Я смотрел на его могучую, совсем не старческую фигуру, широкие, загорелые скулы, тяжелый подбородок, крупный нос, шишкастые брови, — и мне казалось, что вот такими густо заквашенными и ладно сшитыми были легендарные русские землепроходцы — первые покорители сибирской целины и богатств Востока, славные соратники Ермака Тимофеевича. Не один век минул уже с той поры, а тип «сибиряка» — человека, властно и ежедневно отвоевывающего у природы новые, нужные ему края, сохранился во всей своей свежести и привлекательности.
Много лет назад, не выдержав тупого уклада деревенской жизни в Саратовской губернии, махнул далекий предок Петровича за Урал, в таежные сибирские края. Имея в роду не одно поколение бунтарей против царя и веры, был он человеком широкой души, свободолюбивым, гордым, независимым, не мог терпеть на своем горбу всяких урядников, исправников. Поклонился всему деревенскому миру, последний раз взглянул на свое Худолаптево и махнул в Сибирь, определившись на жительство в старательский поселок Пьянобыково.

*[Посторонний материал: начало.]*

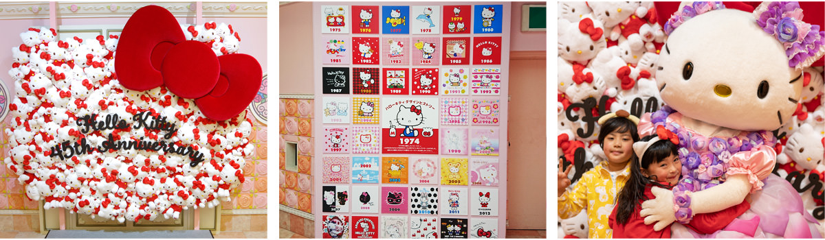 たくさんのハローキティのぬいぐるみでできたフォトスポットや、ハローキティが誕生した1974年から2018年までのヒストリーデザインパネルが展示されています。
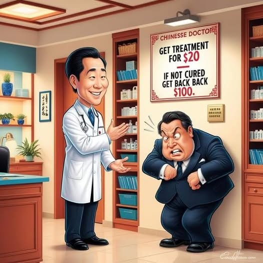 Китайский врач переехал в США, но не смог найти работу в больнице. Тогда он решил открыть собственную небольшую клинику и повесил снаружи табличку с надписью: «Пройдите лечение за 20 долларов — если не вылечитесь, получите 100 долларов обратно!»
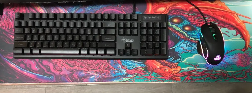 Претензий к магазину не имею, товар в порядке. Но, если надумаете покупать, имейте в виду, что рисунок не такой яркий как на картинке, подсветка не сильно спасает положение. (Хотелось чего-то более яркого и кислостного) Как по мне, проще было взять в DNS побольше размером чёрно-красный "Блади" и не заморачиваться)
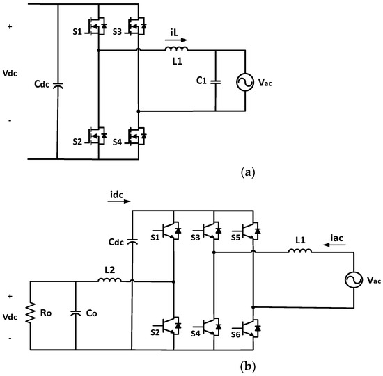 Bidirectional inverter topologies of (a) a 2L full bridge with LCL filter, (b) a 2L parallel full bridge [56].

Стал жить предок Петровича на берегу бурной реки, стал мыть в ее желтых косах золотишко. Утром выйдет на порог, расправит плечи и заорет, да так, что верст на десять в округе слышно:
— Ого-го-го-го-го-о-о-о!..
Послушает эхо, улыбнется, потянется — и пошел в тайгу. Сам себе хозяин. Попробуй он сделать это в Саратовской губернии? Немедленно засадят в холодную за нарушение общественного порядка. Так и рождается в крови далекого предка Петровича, чтобы потом передаться всему потомству, любовь к диким, неосвоенным местам, страсть к землепроходчеству.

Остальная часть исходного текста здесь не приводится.